Given material:
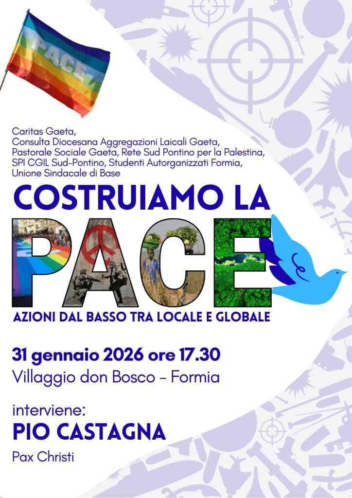 Per questo, il Laboratorio di Pace, che vede insieme Caritas di Gaeta, Consulta Diocesana delle Aggregazioni Laicali Gaeta, Pastorale Sociale di Gaeta, Rete Sud Pontino per la Palestina, SPI-CGIL Sud-Pontino, Studenti Autorganizzati Formia, Unione Sindacale di Base, nell’evento intitolato “Costruiamo la pace – azioni dal basso tra locale e globale”, avrà modo di sottolineare le azioni che si possono realizzare nel nostro territorio e persino come far giungere il nostro sostegno a livello globale.
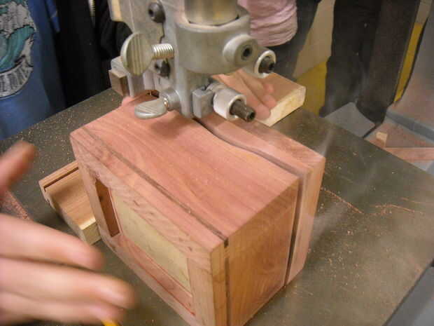 Una vez que las cajas son lijadas y acabadas usted puede cortar la parte superior. Mostrar a los niños cómo dibujar un estirados "S"... Echale un vistazo a las fotos. Demo el corte en la Sierra de cinta, pero estoy abierto a hacer este paso para los niños... puede ser que un poco un corte complicado y los niños realmente puede destruir sus cajas en una prisa. Asegúrese de que la cuchilla está muy afilada. No cortar la pieza superior o terminarás con un gong sólida tira a través. Asegúrese de que el corte no caiga demasiado lejos en la caja o perderás todo de la profundidad de la caja real.
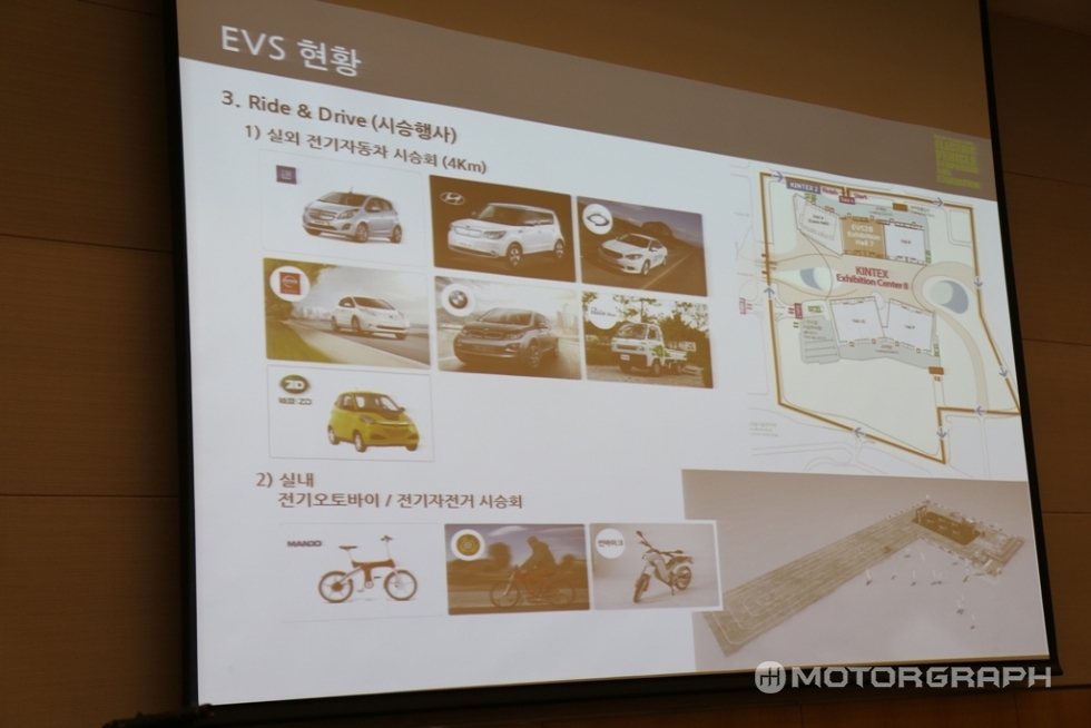 특히, GM은 스파크EV, 현대차는 쏘울EV, 르노삼성은 SM3 Z.E., 닛산 리프 등 완성차 업체들의 전기차가 전시되며, 만도 풋루스, 이탈로 오토사이클스(ITALO OTOCYCLES) 등은 전기자전거를 선보인다. 또, CM파트너는 전기오토바이를 공개할 예정이다.
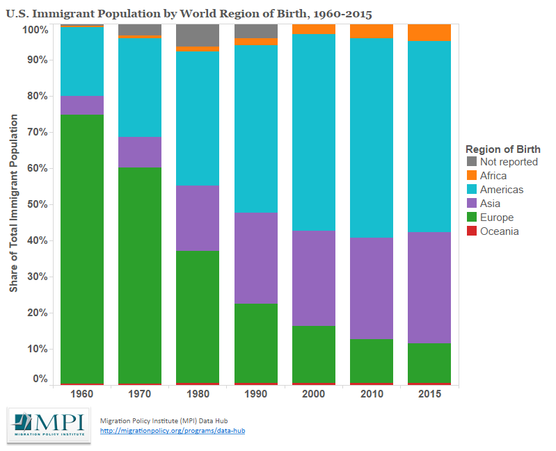 Población inmigrante de Estados Unidos por región de origen, 1960 – 2015. Fuente: Migration Policy Institute.

What the exercise asks: Word for word, restate only the lines from the one bearing "특히, GM은 스파크EV, 현대차는" through the final line of the listing, inclusive, with no pictures.

Result for this exercise:
 특히, GM은 스파크EV, 현대차는 쏘울EV, 르노삼성은 SM3 Z.E., 닛산 리프 등 완성차 업체들의 전기차가 전시되며, 만도 풋루스, 이탈로 오토사이클스(ITALO OTOCYCLES) 등은 전기자전거를 선보인다. 또, CM파트너는 전기오토바이를 공개할 예정이다.
 Población inmigrante de Estados Unidos por región de origen, 1960 – 2015. Fuente: Migration Policy Institute.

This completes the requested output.